– Что вы умеете делать?
– Все. Стрелять, варить халву, подковать жеребца, вскрыть сейф, подделать документы, принять роды, написать статью.
Это диалог на палубе отплывающего в Париж парохода между полковником Тихим, бывшим шефом бывшей контрразведки бывших белых, ныне нищим и голодающим, и Парамоном Корзухиным, бывшим замминистра бывшей торговли, ныне и всегда богачом, жуликом и негодяем. Какая сцена! После эпизода шантажа шантажируемый Парамоша благосклонно разрешает шантажисту поесть, и этот жалкий плешивый мюллер набрасывается на еду, заглатывая целиком бутерброды и пихая нарезанную рыбу в портфель с компроматом.

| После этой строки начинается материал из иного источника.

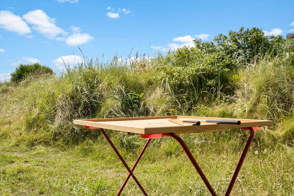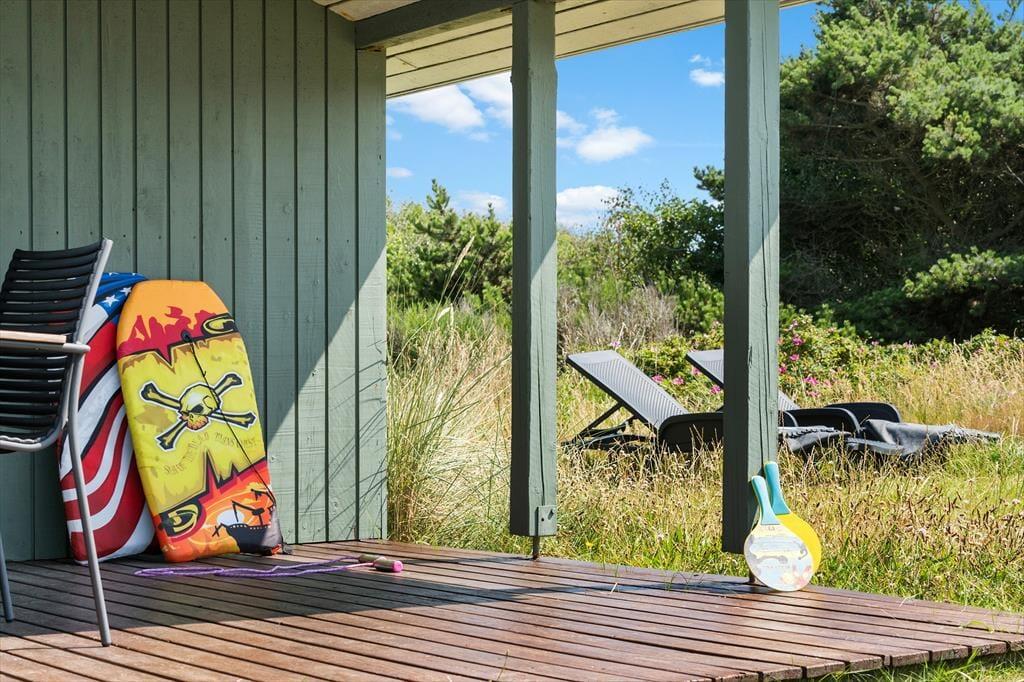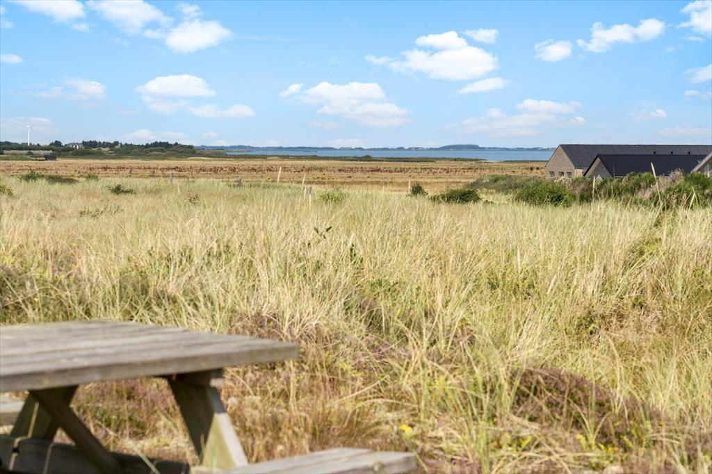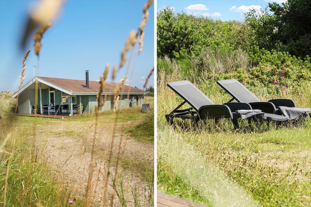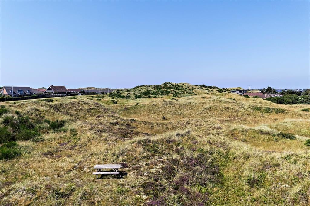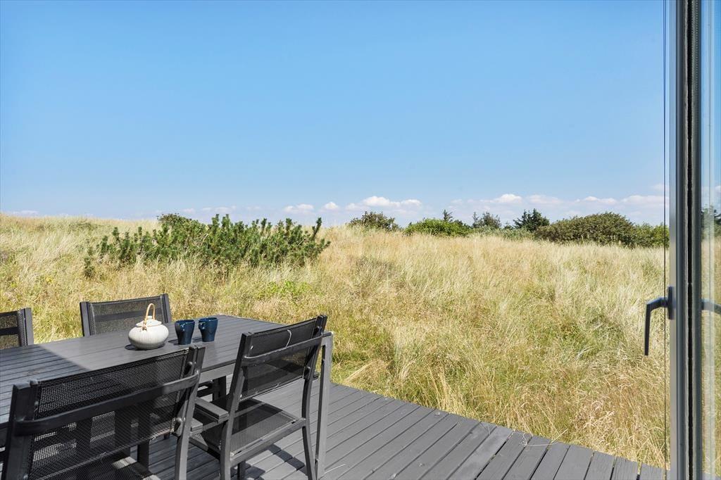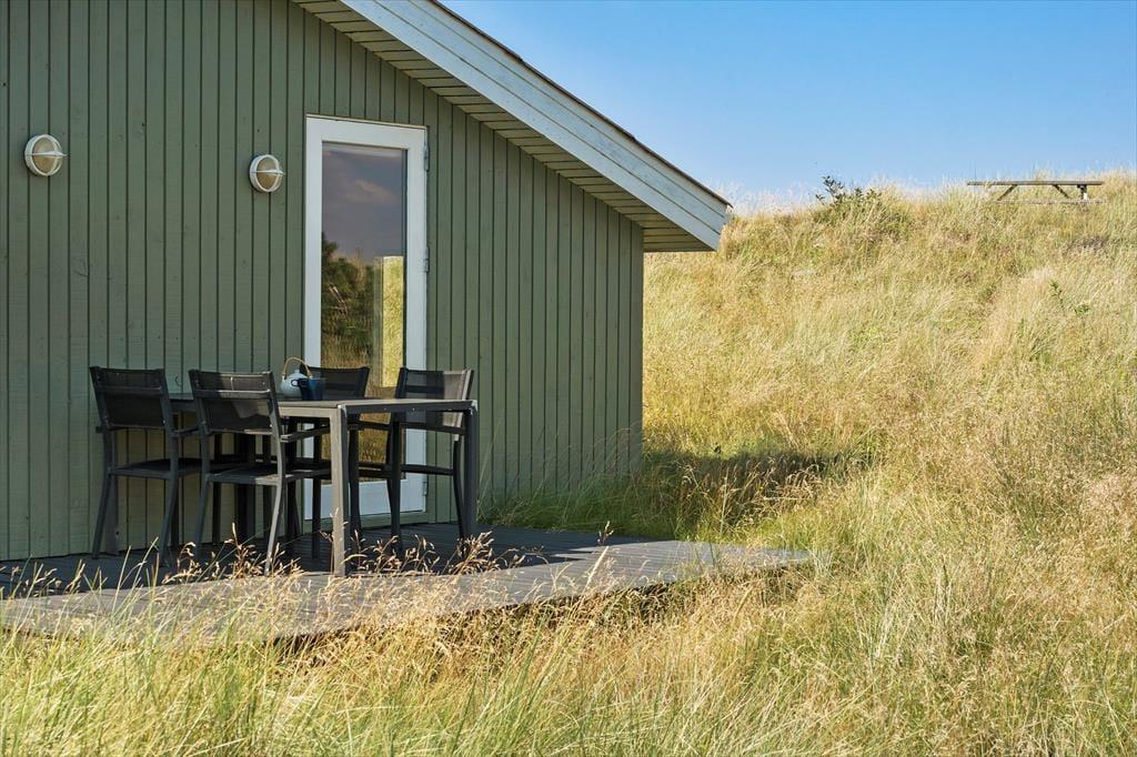 Eine Morgenterrasse befindet sich östlich des Hauses. Später am Tag ist es angenehm, sich auf der teilweise überdachten Terrasse gen Westen aufzuhalten. Auf dem hügeligen Dünengrundstück finden sich mehrere windgeschützte Bereiche. Wenn Sie auf die Düne hinaufsteigen, können Sie sich dort auf die Bank setzen, um die Aussicht über Holmsland Klit und den Ringkøbing Fjord zu genießen.

В таких же словах, с теми же интонациями написаны сейчас бесчисленные посты о поиске работы «релокантов». Именно такое неблагозвучное слово они сами употребляют. Релокант. Умею все, готов на все. «Стрелять, варить халву, подковать жеребца, вскрыть сейф, подделать документы, принять роды, написать статью». Не хватает только «снимать, монтировать» – чтобы булгаковский траги-ироничный текст превратился в реальный пост о поиске работы, которых сейчас в соцсетях сотни. Отчаянные интонации этих текстов обнаруживают большущее сходство с пьесой Булгакова «Бег».
Я в Ереване. Проездом. Не подумайте чего. Я не релокант.

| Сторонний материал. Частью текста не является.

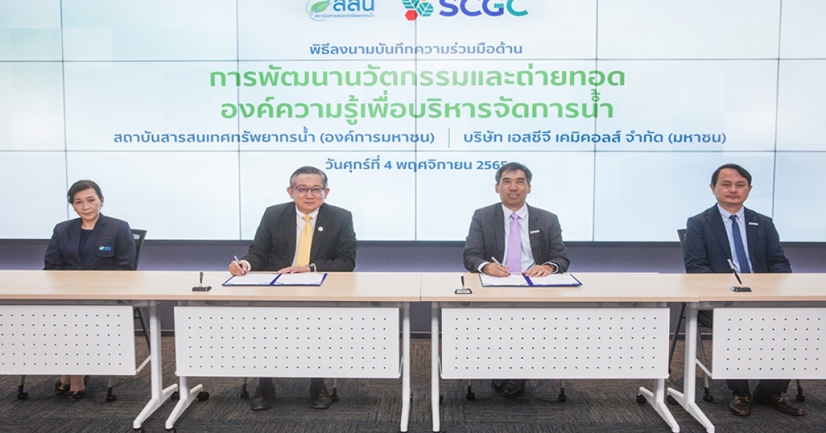 บริษัทเอสซีจี เคมิคอลส์ จำกัด (มหาชน) หรือ SCGC ร่วมกับสถาบันสารสนเทศทรัพยากรน้ำ (องค์การมหาชน) หรือ สสน. ลงนามความร่วมมือ (MOU) ด้านการพัฒนานวัตกรรมและถ่ายทอดองค์ความรู้เพื่อการบริหารจัดการน้ำ ตามแนวทางการพัฒนาอย่างยั่งยืน และ ESG โดยแลกเปลี่ยนองค์ความรู้ด้านการวิจัยและพัฒนาเทคโนโลยี นวัตกรรม และระบบสารสนเทศ เพื่อบริหารจัดการวิกฤตน้ำท่วมและน้ำแล้ง รวมถึงการบริหารจัดการน้ำชุมชน ให้เกิดการใช้งานอย่างเหมาะสมต่อสภาพพื้นที่และสถานการณ์น้ำของประเทศไทย เป็นการสร้างสรรค์นวัตกรรมเพื่อสังคม (Innovation for Society) ให้ชุมชนเข้าถึงนวัตกรรมหรือเทคโนโลยีได้อย่างมีประสิทธิภาพสูงสุด
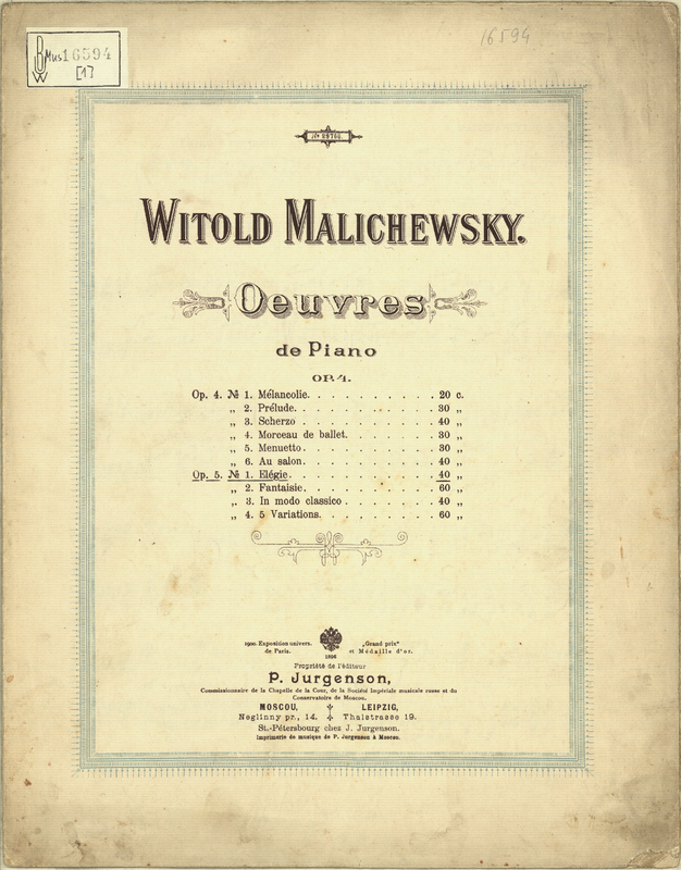| Alternative. Title | Oeuvres de piano op. 5. Witold Malichewsky |
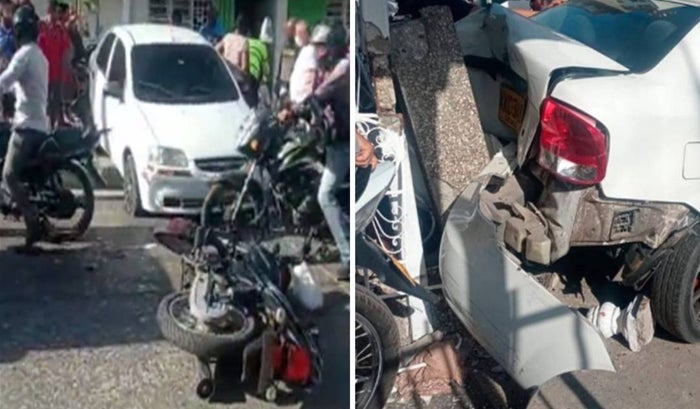 Un nuevo accidente de tránsito en la ciudad de Cartagena entre un vehículo particular tipo automóvil color blanco de placas KKC-348, y una moto, dejó como resultado a tres personas heridas. Sobre la Avenida del Consulado a la altura del barrio Escallón Villa, siendo las 8:30 de la mañana de este viernes 6 de enero, los residentes de la zona fueron testigos del fuerte choque donde el vehículo terminó metiéndose a la terraza de una casa.
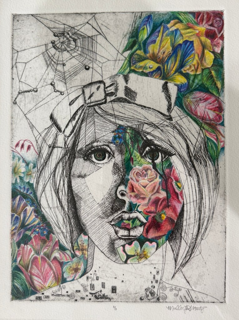 As new students to intaglio etching, our professor told the class to take our brand new, shiny, zinc plate…and beat the crap out of it. Throw it down the sidewalk, run over it with your car, do whatever you want to scratch the surface. Why? There’s nothing more intimidating than a blank slate. A perfect surface. Sometimes, making that first mark is the hardest part. By scratching up the surface, that worry of the first mark has been taken care of for you. We were asked to compose an abstract image using those random scratches. I’m not very good at abstract. I have a hard time connecting to it and especially creating it, so asked permission to use a representational image as an outline and create something abstract-ish on the inside using symbols and patterns that are meaningful to me.
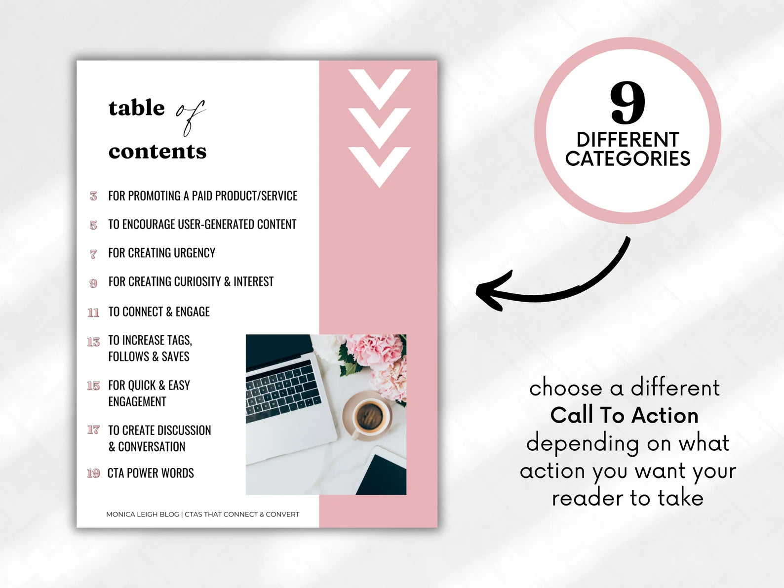9 different category types - so you have CTA examples to use for social posts, emails, your website & more!
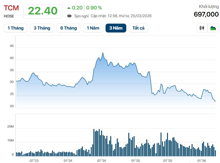 Về tình hình kinh doanh, lũy kế cả năm 2025, TCM ghi nhận doanh thu hơn 3.644 tỷ đồng, giảm hơn 4% so với năm 2024 và thực hiện khoảng 81% kế hoạch năm. Lãi ròng đạt hơn 269 tỷ đồng, giảm gần 3% và hoàn thành hơn 96% mục tiêu lợi nhuận đề ra.
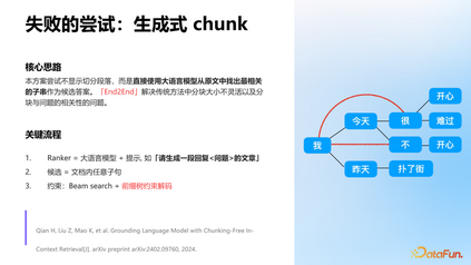 - 分块大小的选择直接影响效果,较大分块能保持完整语义,有助于理解全局内容;而较小分块处理更快,资源消耗更少。 这一方案面临的核心挑战是文档的多样性带来的问题。由于不同类型的文档和查询需求存在巨大差异,固定长度的分块策略难以同时满足语义完整性和处理效率的要求。该方案无法灵活适应不同场景,最终限制了系统的实际应用效果。进而,我们又探索了生成式 chunk,但未能成功落地。该方案的核心思路是不显式切分段落,而是直接使用大语言模型从原文中找出最相关的子串作为候选答案。也就是采用 End2End 的方式,解决灵活性和分块与问题相关性的问题。我们采用大语言模型+prompt 的方式合成 ranker,用约束解码的方式约束生成过程。

Слово режет слух. Но им «норм». Такие чуткие к языку люди, филологи, философы, используют это жуткое слово как самоназвание легко, естественно и рутинно.
Прижилось. Потому что никто не хочет произносить гораздо более неприятное слово.
«Эмигрант».
Во-первых, в последнем отсутствует тот момент временности, который всем тут так важно подчеркнуть. Большинство не видит себя живущими до смерти в Ереване. «Эмигрант» – это какая-то постоянная, это фатальная величина. Непоправимая. Как в прошлом, в доглобалистическую эпоху, когда границы были на замке. Что было в мире серьезнее государственных границ? При одном этом слове расхочется смеяться навсегда.

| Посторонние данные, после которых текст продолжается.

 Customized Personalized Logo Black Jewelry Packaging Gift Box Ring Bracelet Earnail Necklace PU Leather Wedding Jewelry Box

В современном облегченном глобализованном мире такие трагические интонации ни к чему. Потому тяжеловесный «релокант» звучит хоть коряво – а все ж нежней, модней, современней. Гуманней.
Во-вторых, в «релоканте» нет тех коннотаций, которые за этим словом стоят исторически. А за эмигрантом они стоят. Хорошо помним.
– А ты азартен, Парамоша. Это тебя и погубит.
– Подайте, я генерал, я жрать хочу.
– На Перу она пошла, ну что, ты выпятился, приват-доцент, с голоду мы подыхаем!
– Невиданная нигде в мире русская придворная игра, тараканьи бега!
– Сенсация в Константинополе. С дозволения полиции. Любимая игра покойной императрицы в Царском Селе.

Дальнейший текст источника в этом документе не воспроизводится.